» Data to process
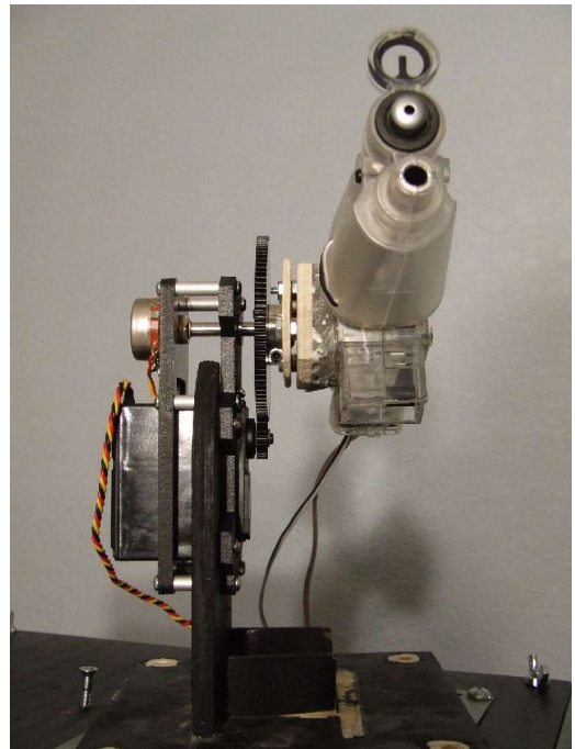
Figure 5: The AirSoft gun attached to a 5:1 reduction gearbox. The gearbox is connected to the Y actuator, which controls the elevation of the gun. The Y actuator is commanded by the BrainStem. At the bottom of the picture is the X actuator and gearbox that controls the left-right movement.
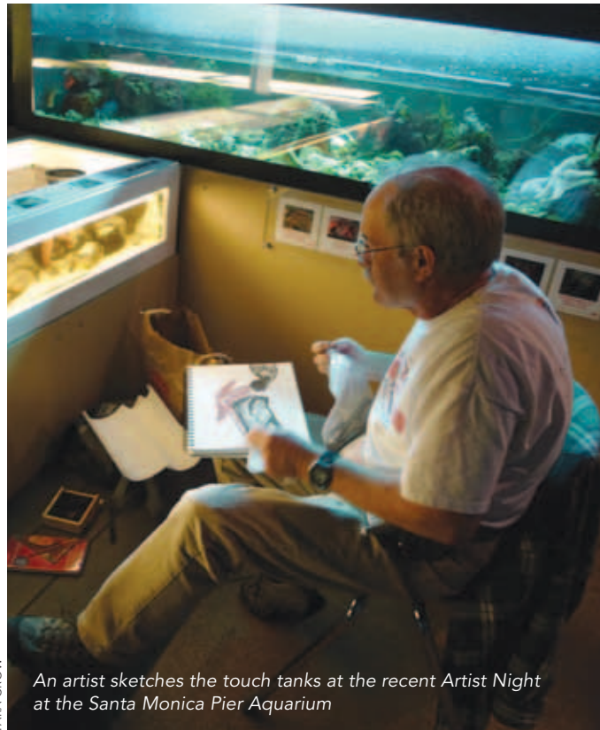
An artist sketches the touch tanks at the recent Artist Night at the Santa Monica Pier Aquarium

The Santa Monica Pier Aquarium has a lot of drawing power ... literally.
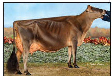
ELLIOTTS BLACKSTONE CHARLOTTE-ET Sister to the Grandam of Lot 14
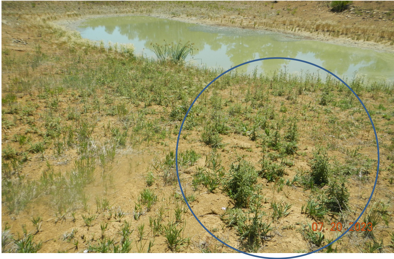
Photo 5. There are noxious weeds along the northwest side of the pit. Observed Canada thistle and Houndstongue in this area.
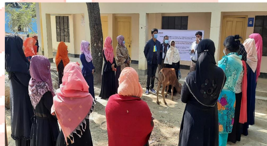
AWARENESS SESSION ON LIVESTOCK DISEASES AND WAHV
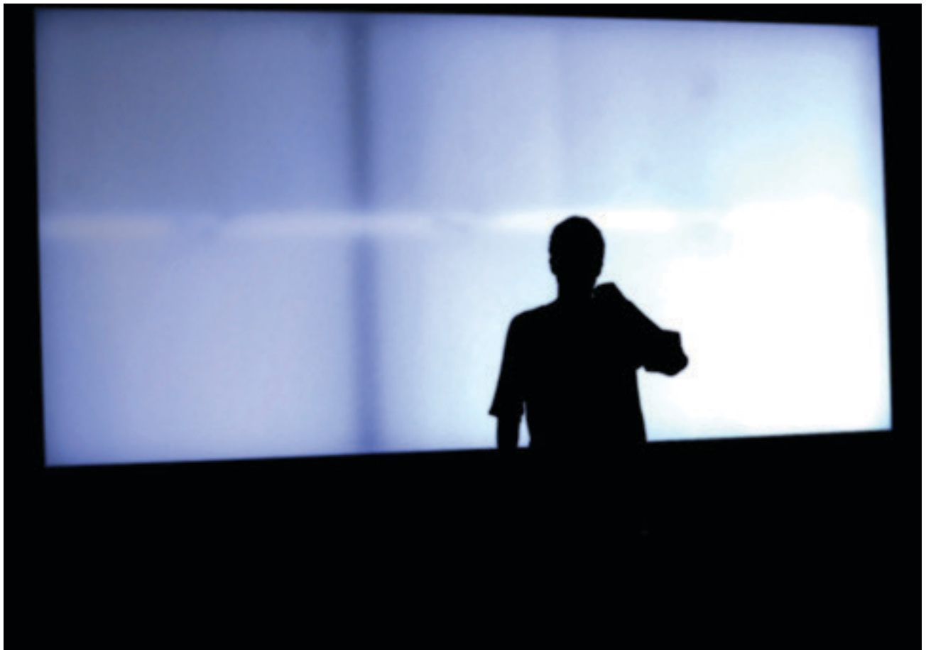
WritePROJECTION · WWPC-MAG-WHITE
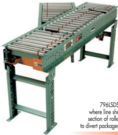
Conveyor shown with optional supports

796LSDS is used in diverging applications where line shaft conveyor is suitable. The pivot section of rollers, pneumatically actuated, skews to divert packages onto spur quickly and efficiently.
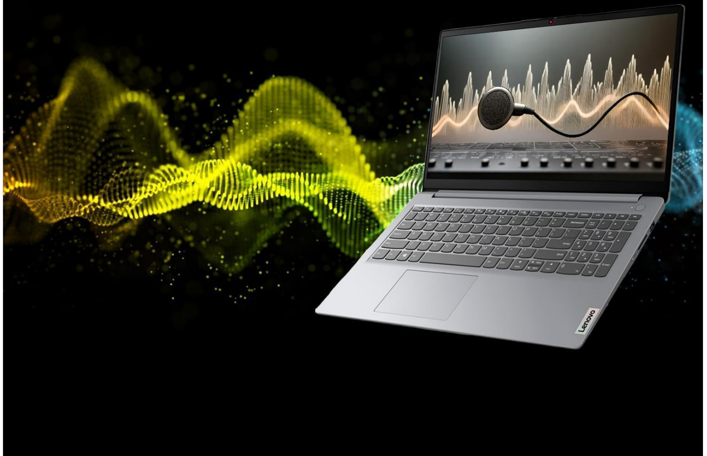
Image: A visual representation of the Dolby Audio feature on the Lenovo IdeaPad, showing sound waves emanating from the laptop speakers.

Enhance your entertainment experience with robust and rich Dolby Audio speakers. Watch on-the-go anytime, anywhere
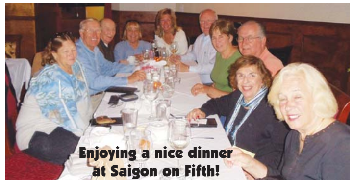
Enjoying a nice dinner at Saigon on Fifth!
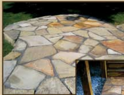
Examples of a stonescaped patio, walkway, and a dry-laid stone wall.
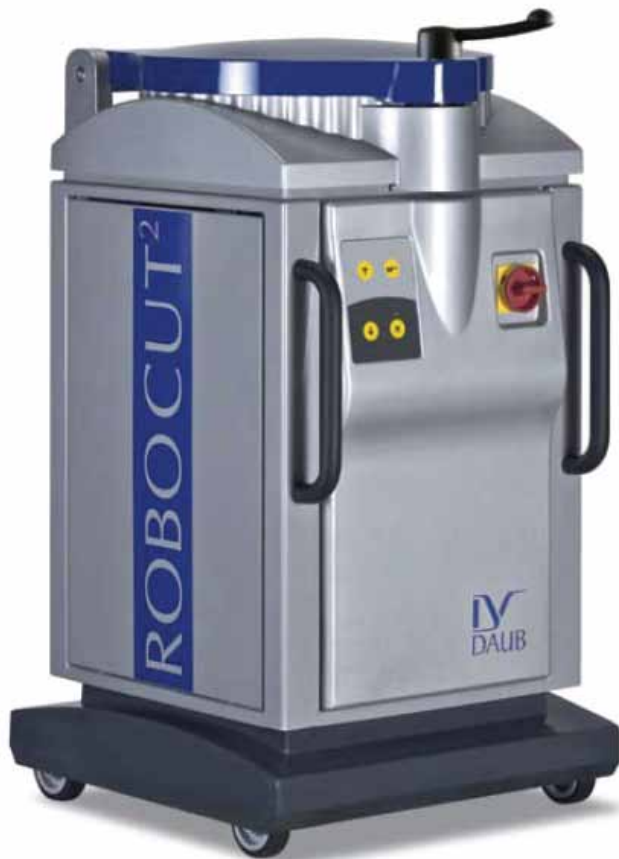
Robocut2 - R20T2
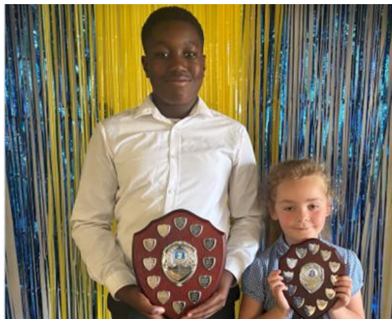
The prestigious Malaika Adam's "kindness award" celebrates when our children live "The Little Way" in their daily lives.
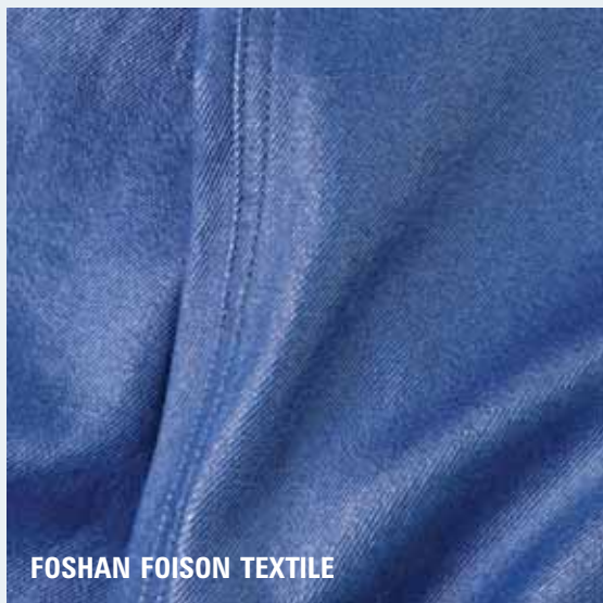
FOSHAN FOISON TEXTILE

» Task objective
Retype exactly. Include each line from the start of the material through the line holding "Conveyor shown with optional supports", and leave the pictures out.

» Answer
Figure 5: The AirSoft gun attached to a 5:1 reduction gearbox. The gearbox is connected to the Y actuator, which controls the elevation of the gun. The Y actuator is commanded by the BrainStem. At the bottom of the picture is the X actuator and gearbox that controls the left-right movement.
An artist sketches the touch tanks at the recent Artist Night at the Santa Monica Pier Aquarium

The Santa Monica Pier Aquarium has a lot of drawing power ... literally.
ELLIOTTS BLACKSTONE CHARLOTTE-ET Sister to the Grandam of Lot 14
Photo 5. There are noxious weeds along the northwest side of the pit. Observed Canada thistle and Houndstongue in this area.
AWARENESS SESSION ON LIVESTOCK DISEASES AND WAHV
WritePROJECTION · WWPC-MAG-WHITE
Conveyor shown with optional supports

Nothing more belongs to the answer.